Анжелика долго не могла решиться прийти на это собрание. Если бы о ее появлении там узнали, ей грозило самое суровое наказание. Но тут почти всем что-то грозило: кому разорительный штраф, кому тюрьма, кому даже смерть, как тем «обращенным обратно в католичество», которые печально, со стыдом, пробирались среди своих прежних единоверцев, не в силах противостоять мукам совести, терзавшей их со времени «отречения».

Эти преследуемые люди были все в темном или в черном. Исключение представлял один из самых крупных судовладельцев Ла-Рашели — Маниго; он был просто великолепен в костюме из бархата сливового цвета, черных чулках и туфлях с серебряными пряжками. Все восхищались им. Позади него шел его негр Сирики. А за руку Маниго держал своего сынишку Жереми, которым очень гордился. Этого прелестного белокурого ангелочка обихаживали, словно королевича, мать и четыре сестры.

Было там и семейство адвоката Каррера в полном составе. Судя по полному стану госпожи Каррер, они скоро ждали одиннадцатого ребенка.

Среди массы людей выделялось несколько настоящих дворян со шпагами. Они держались вместе и принялись переговариваться.

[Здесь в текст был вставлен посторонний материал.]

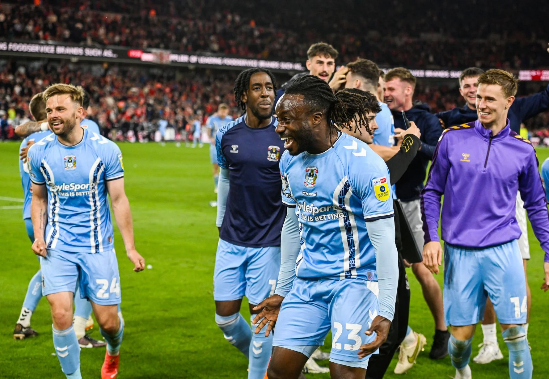 The Sky Blues’ supporters celebrated the promotion with fireworks and chants after the final whistle.
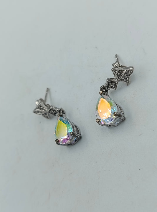 925 Silber Ohrringe mit irisierendem Stein Tropfenform elegant

— Место, место для мадам Роан!

Слуги внесли в первый ряд кресло, покрытое ковром, и в него уселась старая властная дама, сжимавшая рукой, похожей на когтистую лапу совы, трость с серебряным набалдашником.

Теперь люди подходили ежеминутно. Но порядок соблюдался. Между рядами бродили юноши с полотняными сумками, собирая в них вклады на содержание служителей культа. Большинство собравшихся усаживалось прямо на землю, среди липких остатков морской соли. Те, кто был побогаче или предусмотрительнее, принесли с собой мешки, подушки, а кое-кто и горшки с тлеющим древесным углем — в этой ложбине было довольно холодно и ветрено.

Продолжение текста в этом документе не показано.